_Provided data_:
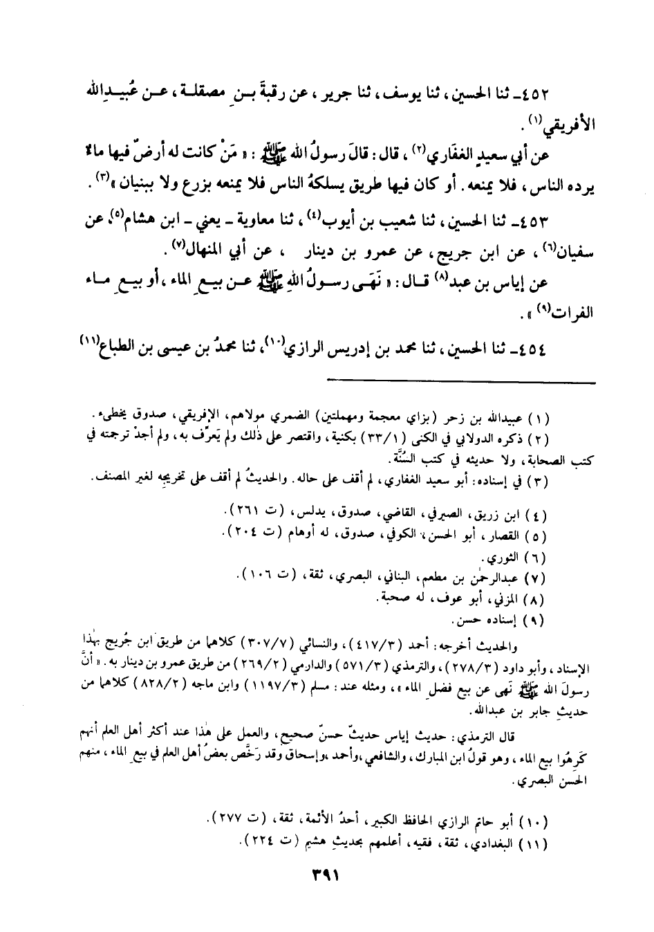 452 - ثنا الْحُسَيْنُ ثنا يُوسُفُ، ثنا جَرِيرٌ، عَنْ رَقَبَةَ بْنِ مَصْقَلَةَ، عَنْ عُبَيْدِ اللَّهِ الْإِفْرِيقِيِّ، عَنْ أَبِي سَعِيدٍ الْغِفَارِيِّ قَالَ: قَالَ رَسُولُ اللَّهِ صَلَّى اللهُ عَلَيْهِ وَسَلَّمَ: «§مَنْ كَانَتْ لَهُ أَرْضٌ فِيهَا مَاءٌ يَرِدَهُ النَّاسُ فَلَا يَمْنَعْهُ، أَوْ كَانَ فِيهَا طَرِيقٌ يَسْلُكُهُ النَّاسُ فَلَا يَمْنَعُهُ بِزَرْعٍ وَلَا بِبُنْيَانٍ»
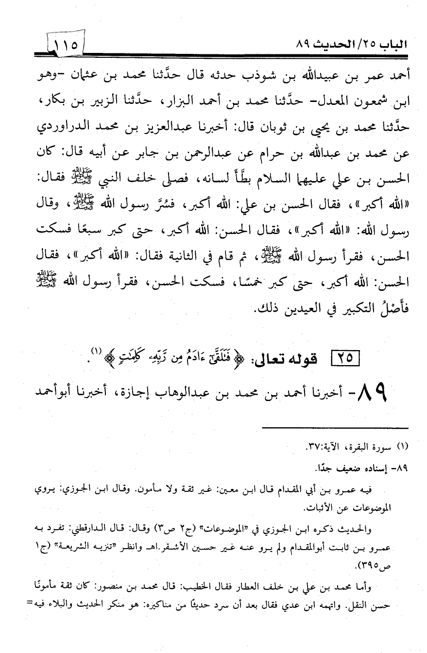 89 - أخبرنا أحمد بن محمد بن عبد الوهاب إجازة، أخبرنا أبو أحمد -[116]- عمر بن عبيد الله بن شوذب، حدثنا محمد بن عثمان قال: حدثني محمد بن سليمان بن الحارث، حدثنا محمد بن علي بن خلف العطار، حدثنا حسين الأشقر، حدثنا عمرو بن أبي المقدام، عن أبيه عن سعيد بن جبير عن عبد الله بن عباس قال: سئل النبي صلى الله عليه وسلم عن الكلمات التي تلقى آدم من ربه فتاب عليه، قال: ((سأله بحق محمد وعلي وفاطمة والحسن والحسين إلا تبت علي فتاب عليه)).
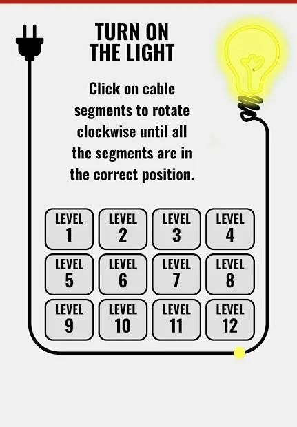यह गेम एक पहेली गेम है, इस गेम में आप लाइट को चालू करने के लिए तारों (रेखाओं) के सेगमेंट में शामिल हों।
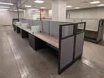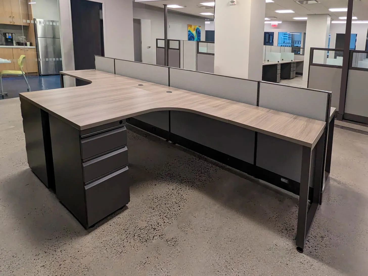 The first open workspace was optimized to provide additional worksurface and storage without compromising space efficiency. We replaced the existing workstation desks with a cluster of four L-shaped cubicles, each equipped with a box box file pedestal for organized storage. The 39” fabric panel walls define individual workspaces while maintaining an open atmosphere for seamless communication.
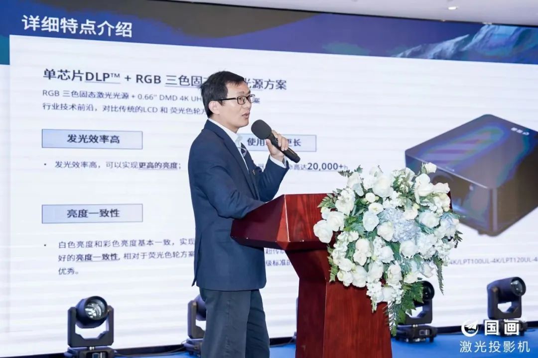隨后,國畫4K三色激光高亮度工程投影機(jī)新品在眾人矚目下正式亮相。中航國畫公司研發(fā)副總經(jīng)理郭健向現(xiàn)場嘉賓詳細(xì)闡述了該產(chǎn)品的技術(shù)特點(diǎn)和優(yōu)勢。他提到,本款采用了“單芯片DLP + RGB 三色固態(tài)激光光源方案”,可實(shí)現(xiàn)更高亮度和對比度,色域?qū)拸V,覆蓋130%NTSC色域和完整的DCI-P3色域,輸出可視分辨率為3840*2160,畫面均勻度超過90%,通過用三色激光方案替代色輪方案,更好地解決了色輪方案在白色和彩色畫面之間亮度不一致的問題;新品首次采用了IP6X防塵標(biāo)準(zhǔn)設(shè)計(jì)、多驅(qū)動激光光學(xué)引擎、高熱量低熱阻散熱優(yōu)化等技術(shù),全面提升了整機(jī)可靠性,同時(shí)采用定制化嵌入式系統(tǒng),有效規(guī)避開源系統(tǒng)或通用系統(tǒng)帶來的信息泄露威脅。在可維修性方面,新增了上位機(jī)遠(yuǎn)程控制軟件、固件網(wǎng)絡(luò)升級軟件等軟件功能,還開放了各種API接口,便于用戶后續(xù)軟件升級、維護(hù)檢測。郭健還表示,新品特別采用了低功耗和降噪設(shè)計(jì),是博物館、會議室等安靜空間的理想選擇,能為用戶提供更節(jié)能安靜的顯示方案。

---

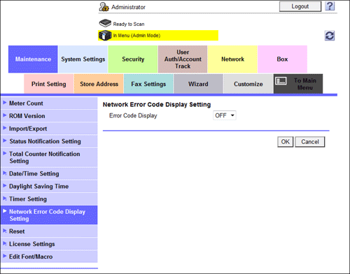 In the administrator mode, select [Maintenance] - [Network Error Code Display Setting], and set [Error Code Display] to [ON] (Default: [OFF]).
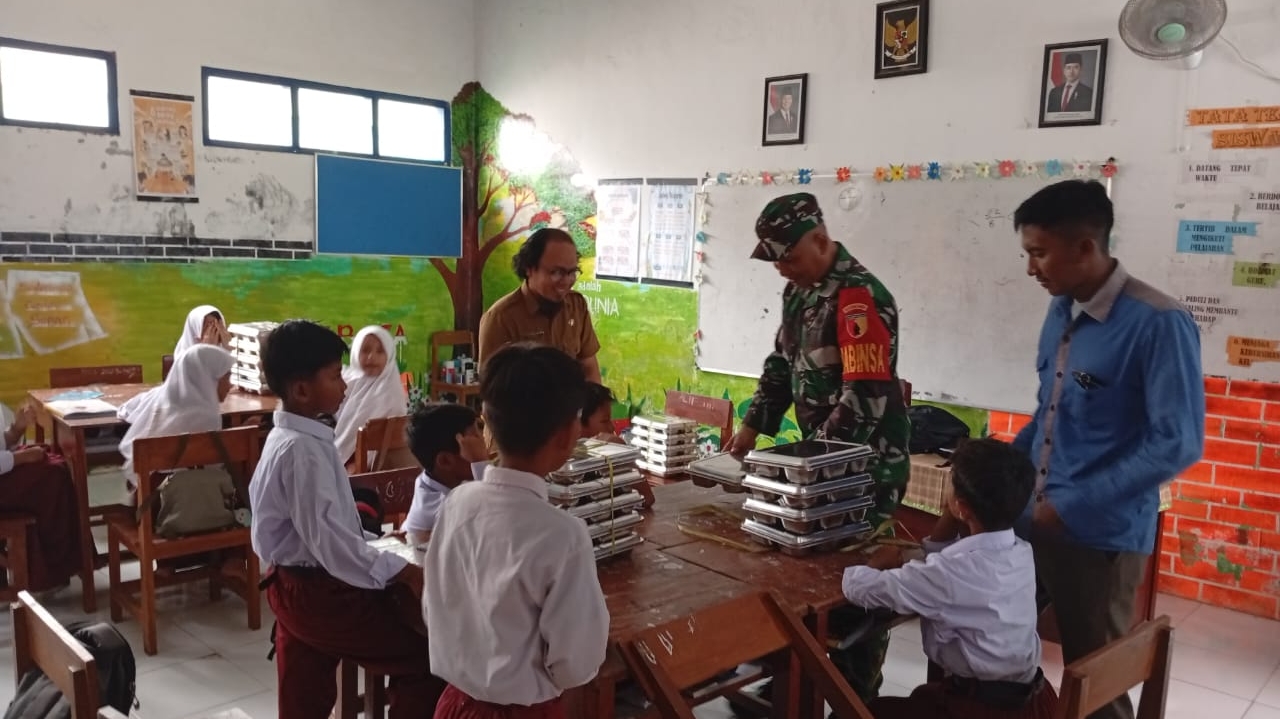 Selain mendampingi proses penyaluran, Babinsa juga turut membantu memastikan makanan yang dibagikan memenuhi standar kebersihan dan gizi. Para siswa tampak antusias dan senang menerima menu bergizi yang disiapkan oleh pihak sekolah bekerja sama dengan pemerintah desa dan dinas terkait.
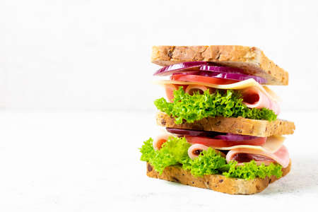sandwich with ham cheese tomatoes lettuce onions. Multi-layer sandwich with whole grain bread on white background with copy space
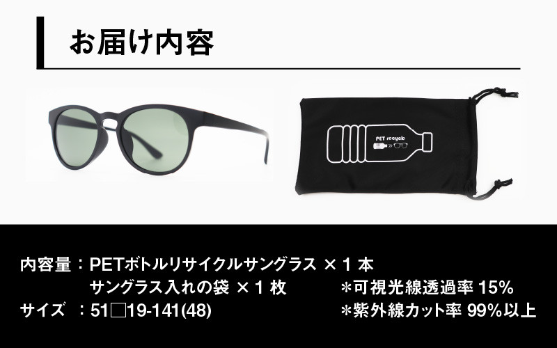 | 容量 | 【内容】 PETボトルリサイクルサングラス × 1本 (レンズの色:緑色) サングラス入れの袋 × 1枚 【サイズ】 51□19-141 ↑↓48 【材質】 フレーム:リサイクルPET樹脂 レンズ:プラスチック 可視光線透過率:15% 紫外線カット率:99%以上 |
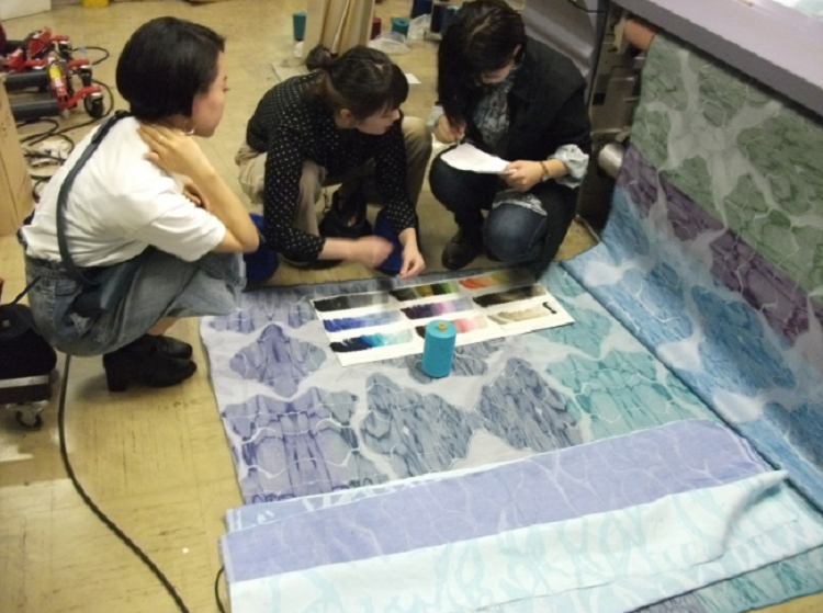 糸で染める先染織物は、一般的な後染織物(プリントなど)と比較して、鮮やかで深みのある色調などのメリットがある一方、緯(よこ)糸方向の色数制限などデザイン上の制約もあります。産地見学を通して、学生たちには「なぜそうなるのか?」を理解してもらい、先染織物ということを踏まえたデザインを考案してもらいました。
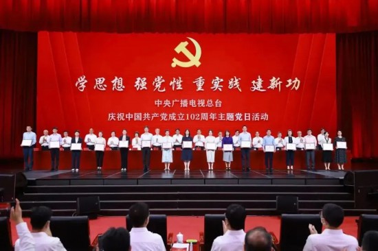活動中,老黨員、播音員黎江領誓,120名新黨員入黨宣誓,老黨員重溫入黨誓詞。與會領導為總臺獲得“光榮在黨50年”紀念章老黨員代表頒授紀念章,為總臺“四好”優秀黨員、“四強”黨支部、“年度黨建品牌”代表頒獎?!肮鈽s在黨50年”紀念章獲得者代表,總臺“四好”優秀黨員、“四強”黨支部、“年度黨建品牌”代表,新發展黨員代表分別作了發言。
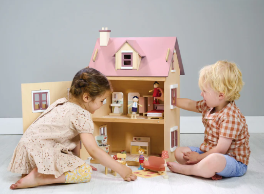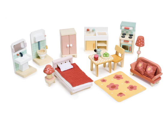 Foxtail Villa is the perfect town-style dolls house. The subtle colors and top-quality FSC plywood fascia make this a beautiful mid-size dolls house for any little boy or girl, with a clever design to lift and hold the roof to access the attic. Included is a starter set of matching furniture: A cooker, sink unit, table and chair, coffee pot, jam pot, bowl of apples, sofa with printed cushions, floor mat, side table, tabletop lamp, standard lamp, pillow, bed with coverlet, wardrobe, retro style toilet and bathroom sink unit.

_What you have to do_:
Give back exactly, and solely, the section of the data above bounded by the line containing "452 - ثنا الْحُسَيْنُ" and the line containing "यह गेम एक पहेली", both bounding lines included and pictures omitted.

_Exercise result_:
 452 - ثنا الْحُسَيْنُ ثنا يُوسُفُ، ثنا جَرِيرٌ، عَنْ رَقَبَةَ بْنِ مَصْقَلَةَ، عَنْ عُبَيْدِ اللَّهِ الْإِفْرِيقِيِّ، عَنْ أَبِي سَعِيدٍ الْغِفَارِيِّ قَالَ: قَالَ رَسُولُ اللَّهِ صَلَّى اللهُ عَلَيْهِ وَسَلَّمَ: «§مَنْ كَانَتْ لَهُ أَرْضٌ فِيهَا مَاءٌ يَرِدَهُ النَّاسُ فَلَا يَمْنَعْهُ، أَوْ كَانَ فِيهَا طَرِيقٌ يَسْلُكُهُ النَّاسُ فَلَا يَمْنَعُهُ بِزَرْعٍ وَلَا بِبُنْيَانٍ»
 89 - أخبرنا أحمد بن محمد بن عبد الوهاب إجازة، أخبرنا أبو أحمد -[116]- عمر بن عبيد الله بن شوذب، حدثنا محمد بن عثمان قال: حدثني محمد بن سليمان بن الحارث، حدثنا محمد بن علي بن خلف العطار، حدثنا حسين الأشقر، حدثنا عمرو بن أبي المقدام، عن أبيه عن سعيد بن جبير عن عبد الله بن عباس قال: سئل النبي صلى الله عليه وسلم عن الكلمات التي تلقى آدم من ربه فتاب عليه، قال: ((سأله بحق محمد وعلي وفاطمة والحسن والحسين إلا تبت علي فتاب عليه)).
यह गेम एक पहेली गेम है, इस गेम में आप लाइट को चालू करने के लिए तारों (रेखाओं) के सेगमेंट में शामिल हों।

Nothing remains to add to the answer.